#### [EXERCISE DIRECTIONS]
The answer consists solely of the lines running from the one with "Эмалированная сталь в" through the final line below, transcribed exactly and without any pictures.

___ AVAILABLE RECORDS

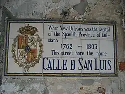 Louisiana (Spanish: Luisiana, [la lwiˈsjana]),[1] was a province of New Spain from 1762 to 1801. It was primarily located in the center of North America encompassing the western basin of the Mississippi River plus New Orleans. The area had originally been claimed and controlled by France, which had named it La Louisiane in honor of King Louis XIV in 1682. Spain secretly acquired the territory from France near the end of the Seven Years' War by the terms of the Treaty of Fontainebleau (1762). The actual transfer of authority was a slow process, and after Spain finally attempted to fully replace French authorities in New Orleans in 1767, French residents staged an uprising which the new Spanish colonial governor did not suppress until 1769.[2] Spain also took possession of the trading post of St. Louis and all of Upper Louisiana in the late 1760s, though there was little Spanish presence in the wide expanses of what they called the "Illinois Country".
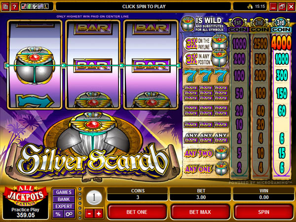 This Silver Scarab slot is offered by all online casinos with Microgaming software, playable either in practice or in real money mode.
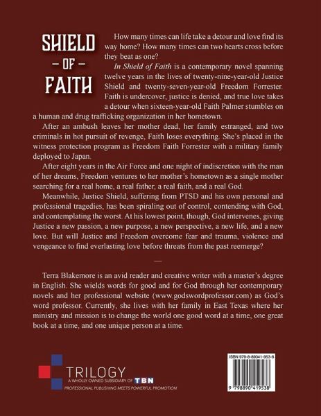 How many times can life take a detour and love find its way home? How many times can two hearts cross before they beat as one? In Shield of Faith is a contemporary novel spanning twelve years in the lives of twenty-nine-year-old Justice Shield and twenty-seven-year-old Freedom Forrester. Faith is undercover, justice is denied, and true love takes a detour when sixteen-year-old Faith Palmer stumbles on a human and drug trafficking organization in her hometown. After an ambush leaves her mother dead, her family estranged, and two criminals in hot pursuit of revenge, Faith loses everything. She's placed in the witness protection program as Freedom Faith Forrester with a military family deployed to Japan. After eight years in the Air Force and one night of indiscretion with the man of her dreams, Freedom ventures to her mother's hometown as a single mother searching for a real home, a real father, a real faith, and a real God. Meanwhile, Justice Shield, suffering from PTSD and his own personal and professional tragedies, has been spiraling out of control, contending with God, and contemplating the worst. At his lowest point, though, God intervenes, giving Justice a new passion, a new purpose, a new perspective, a new life, and a new love. But will Justice and Freedom overcome fear and trauma, violence and vengeance to find everlasting love before threats from the past reemerge?
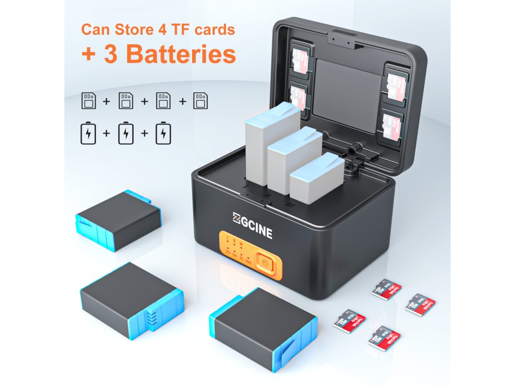 Carcasă de încărcare pentru baterii ZGCINE GoPro (3 biți + baterie 3-901)
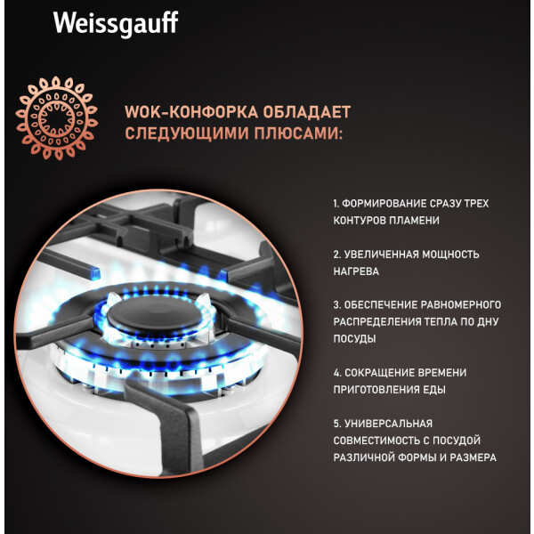 Эмалированная сталь в белом цвете, устойчивая к высоким температурам и простая в уходе, станет органичным дополнением практически для любого дизайна интерьера! На эмалированном покрытии практически не остаются следы от пальцев, а также не прикипают брызги от воды или приготавливаемой пищи. Уникальный эргономичный дизайн решеток дополнит совершенство облика вашей варочной панели, а также сделает более удобным перемещение посуды, снижая вероятность её опрокидывания. WOK-конфорка повышенной мощности, которая создаёт сразу три кольца пламени и позволяет осуществить нагрев даже самой крупной посуды в кратчайший срок.
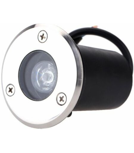 Spot encastrable au sol, fonctionnant en 12 volts et d'une puissance de 1x1W. Dimensions du produit : ø65x80mm et dimensions d'encastrement : ø40mm. ...

______

#### [WRITTEN SOLUTION]
 Эмалированная сталь в белом цвете, устойчивая к высоким температурам и простая в уходе, станет органичным дополнением практически для любого дизайна интерьера! На эмалированном покрытии практически не остаются следы от пальцев, а также не прикипают брызги от воды или приготавливаемой пищи. Уникальный эргономичный дизайн решеток дополнит совершенство облика вашей варочной панели, а также сделает более удобным перемещение посуды, снижая вероятность её опрокидывания. WOK-конфорка повышенной мощности, которая создаёт сразу три кольца пламени и позволяет осуществить нагрев даже самой крупной посуды в кратчайший срок.
 Spot encastrable au sol, fonctionnant en 12 volts et d'une puissance de 1x1W. Dimensions du produit : ø65x80mm et dimensions d'encastrement : ø40mm. ...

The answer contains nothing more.